BOM APETITE! / bon appétit!

Eating together is the foundation of the cultural identity and continuity of communities in countries such as Portugal, whose gastronomy is based in the Mediterranean diet.

This kind of diet was considered Intangible Cultural Heritage of Humanity by UNESCO and has in companionship around the table one of its main characteristics.

In fact, Portuguese people enjoy sharing meals, a ritual that brings together family and friends and is a mark of their hospitality.
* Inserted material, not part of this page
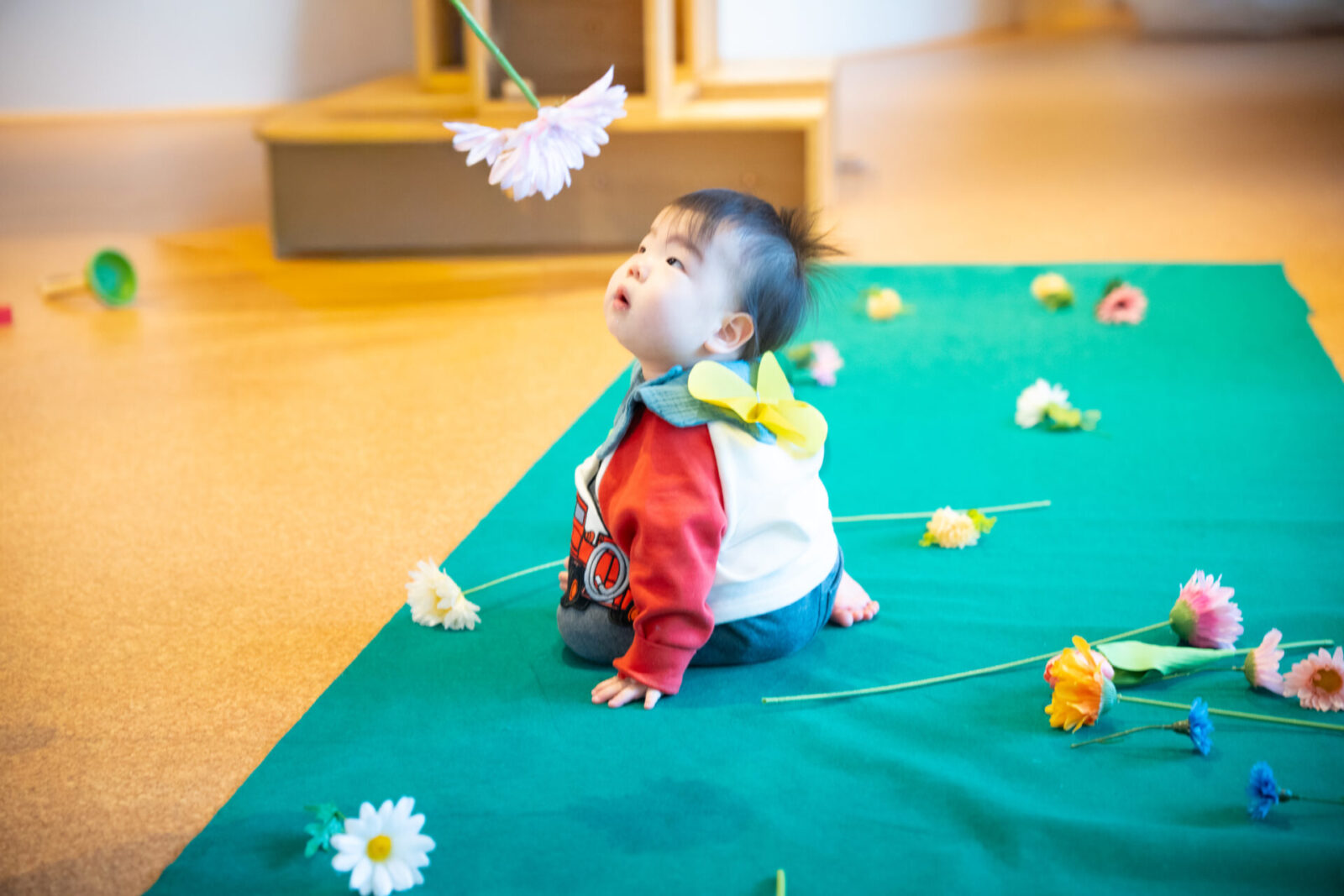 お花が散りばめられた原っぱのような道をハイハイで進み、ゴールを目指そう!

Many of the Portuguese dishes are fish-based due to the country’s geographical situation along the Atlantic coast. During summertime, people enjoy eating grilled sardines, as well as other kinds of fish, accompanied with boiled potatoes and salad.

The most popular fish dish is bacalhau (salt cod). It’is said it can be cooked in 365 different ways. Each region has its own bacalhau speciality, such as bacalhau à Gomes de Sá (salt cod with onions, eggs, potatoes and olives) or bacalhau à bras from (salt cod, potato, onion and scrambled eggs).

One of the most popular meats in Portugal is pork, which can be cooked in a variety of ways. Leitão assado (roast suckling pig) is a speciality of Central Portugal.

Sopa da Pedra (stone soup) comes from the Ribatejo region. It is a traditional soup made of kidney beans, pork’s ear, black pudding, smoked pork sausage, farinheira (pork sausage made with flour), uncured bacon, potatoes, onions, garlic, bay leaves, coriander, salt, pepper and, naturally, the indispensable stone. The variety of ingredients makes it into one of the Portugal’s richest soups.

Caldo verde (potato, cabbage and sausage soup) is a creamy soup with cabbage strands and the light smoke flavour from sausage.  Originally, it is a soup of the Northern part of the country.  This is a very particular soup and has to be served with the cabbage cut in a distinctive way.

The Portuguese have a real sweet tooth so one can find some of the best pastries and cakes in all the little cafes. The ‘national pastry’ is considered to be pastéis de nata, which is a delicious custard filled tart.6

Specific products intimately related to traditional Portuguese agriculture, such as olive oil (azeite), salt (sal) and wine (vinho) are also remarkably present in the Portuguese gastronomy.